Scraping websites using the Scraper extension for Chrome

If you are using Google Chrome there is a browser extension for scraping web pages. It’s called “Scraper” and it is easy to use. It will help you scrape a website’s content and upload the results to google docs.

Walkthrough: Scraping a website with the Scraper extension

  1. Open Google Chrome and click on Chrome Web Store

  2. Search for “Scraper” in extensions

  3. The first search result is the “Scraper” extension

  4. Click the add to chrome button.

  5. Now let’s go back to the listing of UK MPs

  6. Open http://www.parliament.uk/mps-lords-and-offices/mps/

  7. Now mark the entry for one MP

    http://farm9.staticflickr.com/8490/8264509932_6cc8802992_o_d.png

  8. Right click and select “scrape similar…”

    http://farm9.staticflickr.com/8200/8264509972_f3a9e5d8e8_o_d.png

  9. A new window will appear – the scraper console

    http://farm9.staticflickr.com/8073/8263440961_9b94e63d56_b_d.jpg

  10. In the scraper console you will see the scraped content

  11. Click on “Save to Google Docs…” to save the scraped content as a Google Spreadsheet.

Walkthrough: extended scraping with the Scraper extension

Note: Before beginning this recipe – you may find it useful to understand a bit about HTML. Read our HTML primer.

Easy wasn’t it? Now let’s do something a little more complicated. Let’s say we’re interested in the roles a specific actress played. The source for all kinds of data on this is the IMDB (You can also search on sites like DBpedia or Freebase for this kinds of information; however, we’ll stick to IMDB to show the principle)

  1. Let’s say we’re interested in creating a timeline with all the movies the Italian actress Asia Argento ever starred; where do we start?

  2. The IMDB has a quite comprehensive archive of actors. Asia Argento’s site is: http://www.imdb.com/name/nm0000782/

  3. If you open the page you’ll see all the roles she ever played, together with a title and the year – let’s scrape this information

  4. Try to scrape it like we did above

  5. You’ll see the list comes out garbled – this is because the list here is structured quite differently.
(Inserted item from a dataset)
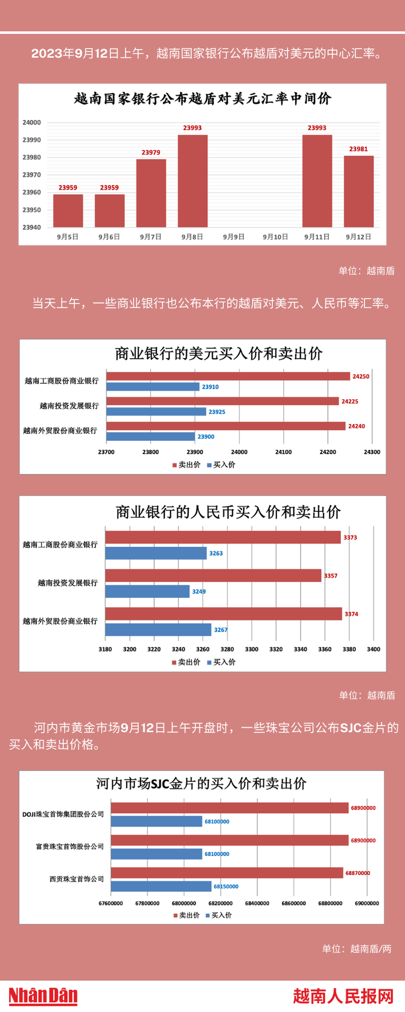 2023年9月12日上午,越南国家银行所公布的越盾对美元的中心汇率为23981。

  6. Go to the scraper console. Notice the small box on the upper left, saying XPath?

  7. XPath is a query language for HTML and XML.

  8. XPath can help you find the elements in the page you’re interested in – all you need to do is find the right element and then write the xpath for it.
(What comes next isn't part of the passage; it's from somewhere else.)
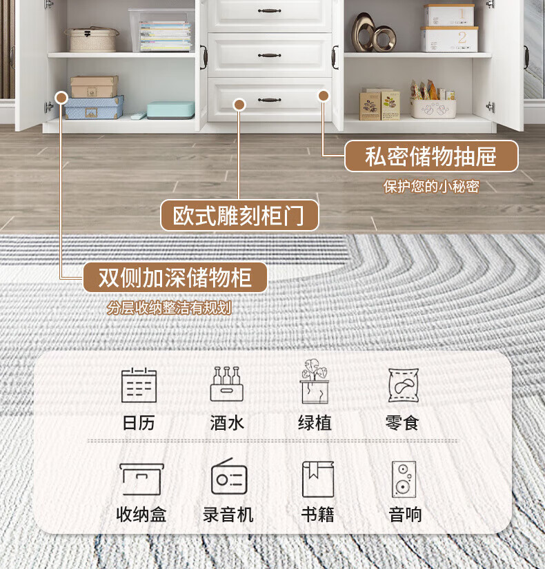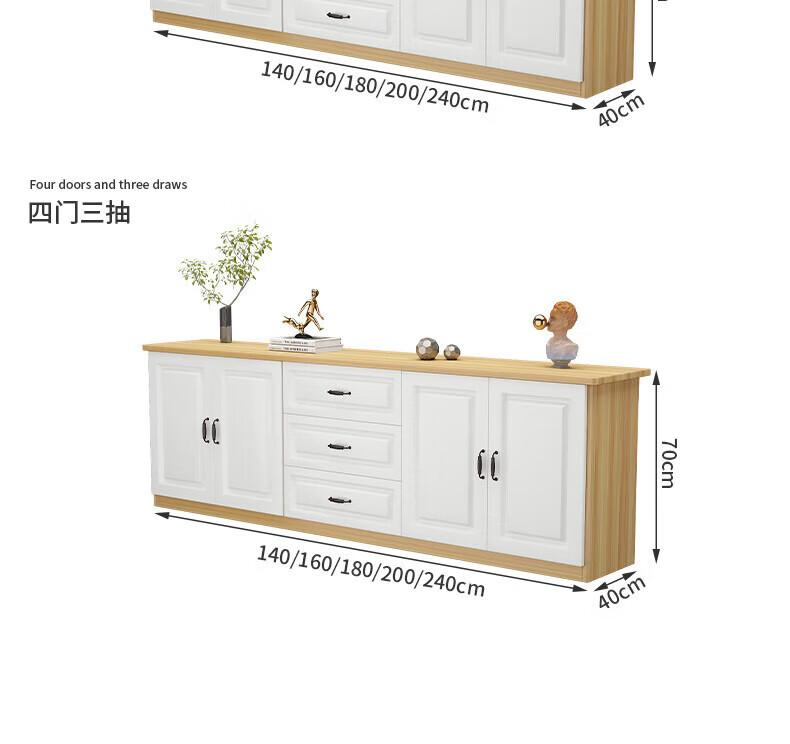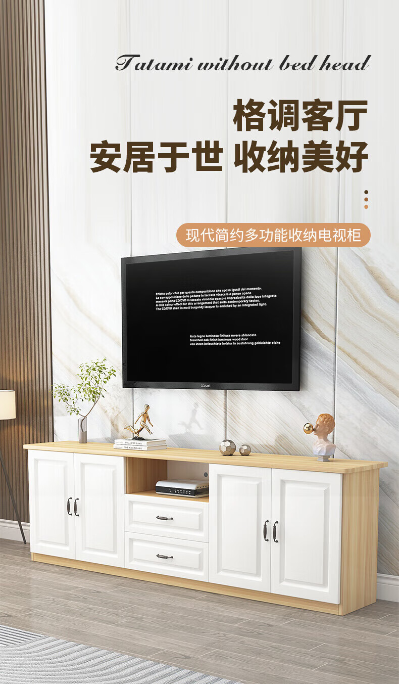 Yinhe solid wood TV cabinet modern simple small apartment living room new home bedroom European storage multi-functional high cabinet walnut color self-installation 240x40x70 four doors and three drawers

  9. Now let’s assemble our table.

  10. You’ll see that our current Xpath – the one including the whole information is “//div[3]/div[3]/div[2]/div”

    http://farm9.staticflickr.com/8344/8264510130_ae31697fde_o_d.png

  11. Xpath is very simple it tells the computer to look at the HTML document and select <div> element number 3, then in this the third one, the second one and then all <div> elements (which if you count down our list, results in exactly where you are right now.
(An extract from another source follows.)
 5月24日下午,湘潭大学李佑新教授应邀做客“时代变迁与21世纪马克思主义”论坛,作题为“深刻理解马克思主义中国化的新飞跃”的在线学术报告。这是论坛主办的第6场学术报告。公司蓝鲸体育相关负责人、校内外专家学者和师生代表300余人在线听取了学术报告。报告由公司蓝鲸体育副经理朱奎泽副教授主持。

  12. However, we’d like to have the data separated out.

  13. To do this use the columns part of the scraper console…

  14. Let’s find our title first – look at the title using Inspect Element

    http://farm9.staticflickr.com/8355/8263441157_b4672d01b2_o_d.png

  15. See how the title is within a <b> tag? Let’s add the tag to our xpath.

  16. The expression seems to work well: let’s make this our first column

  17. In the “Columns” section, change the name of the first column to “title”

  18. Now let’s add the XPATH for the title to it

  19. The xpaths in the columns section are relative, that means “./b” will select the <b> element

  20. add “./b” to the xpath for the title column and click “scrape”

    http://farm9.staticflickr.com/8357/8263441315_42d6a8745d_o_d.png

  21. See how you only get titles?

  22. Now let’s continue for year? Years are within one <span>

  23. Create a new column by clicking on the small plus next to your “title” column

  24. Now create the “year” column with xpath “./span”

    http://farm9.staticflickr.com/8347/8263441355_89f4315a78_o_d.png

  25. Click on scrape and see how the year is added

  26. See how easily we got information out of a less structured webpage?

Any questions? Got stuck? Ask School of Data!

Last updated on Sep 02, 2013.

  • Patrick La Salle

    anyway to export the scraped data as a file rather than import to google docs. I am scraping data that has and needs leading zeros unfortunately when you export to google docs default format opens and deletes the leading zeros.

    • Michael Bauer

      Unfortunately not with the Scraper extension – it only offers google doc exports.

      You can try other ways of getting the data – such as using google docs (for simple tables) or convextra.com – a bookmarklet to scrape websites. Or Scraperwiki (which gives you most control, but you’ll need to program your own scraper)

      • Nancy

        tried it. it does not work. it gives me ”some error”

        • Michael Bauer

          Convextra or the scraper extension? The scraper extension does have some issues with windows I haven’t been able to figure out :/

    • http://import.io/ Dan Cave

      If you want something that will export to Excel, HTML JSON or CSV and still free try http://import.io (Disclaimer: I do work for import.io).

  • Peter Olsen

    How do I stop it converting all dates to US format when I Export to Google Docs?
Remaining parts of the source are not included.